Think of it as post-card-sized SDTV resolution. The actual number of pixels in there is a whole lot more than that. So imagine SDTV with maybe 25 to 30 degrees of look-around. And you can do that on the GPU you’ve already got.

Michael: That’s amazing. I can see that being implemented in a next generation video game console or something similar.

Prof. Bove Jr.: Sure. Given that we can do that – we thought the computation was going to be a lot harder. And two researchers in my group – Dr. Quinn Smithwick and graduate student Jim Barabas have really managed to take advantage of the processing pipelines that are already out there. So we’re doing this – we did it in Open GL, we’re now using CG – but we’re just doing shader programming. So it’s just the same kinds of optimizations that gamers are using.

One of the things that we’re doing - we have to make the scan lines really long, so we’re making the display treat multiple scan lines – because the GPUs tend to have a limit on how long a scan line can be. It’s hardcoded in somewhere, both in the hardware and in the drivers. So we have to make the display treat multiple scan lines as one scan line. So the higher end [off the shelf] GPUs let you do basically make the rasters bigger, so you want to use one of those. Because your frame buffer is just larger.

But it’s not really all that magical, what we’re doing, in terms of the processing. But it turns out that for various coincidental reasons, the kinds of things that people – ATI, NVIDIA – are optimizing for GPUS for regular graphics rendering, turn out to be the same kinds of things we need to do in generating holograms.
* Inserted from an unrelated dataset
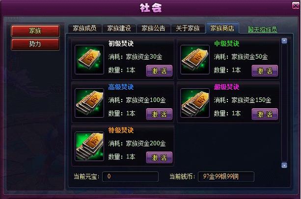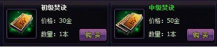 斗技书—【焚诀】书的获得方式:点击【快速购买】或者使用快捷键“O”,打开【社会】中的【家族商店】,可以看到初级、中级、高级、超级、特级的焚诀。
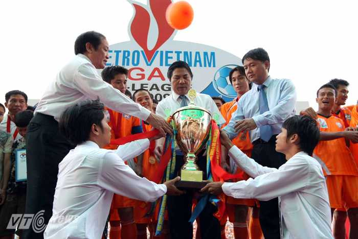 | Ông Nguyễn Bá Thanh trao Cup cho đội bóng quê nhà khi họ giành chức vô địch V-League năm 2009 (Ảnh: Quang Minh) |

So that’s all good. So the display itself then poses a problem, because you need something that has the ability to make *extremely* small pixels. And there are a variety of ways of doing that. People have taken a variety of approaches. One of the things you can do – and some people in Japan who we know quite well have taken the chips for HD projectors or the chips for HD electronic viewfinders – which have really small pixels – and you can tile a whole bunch of them together.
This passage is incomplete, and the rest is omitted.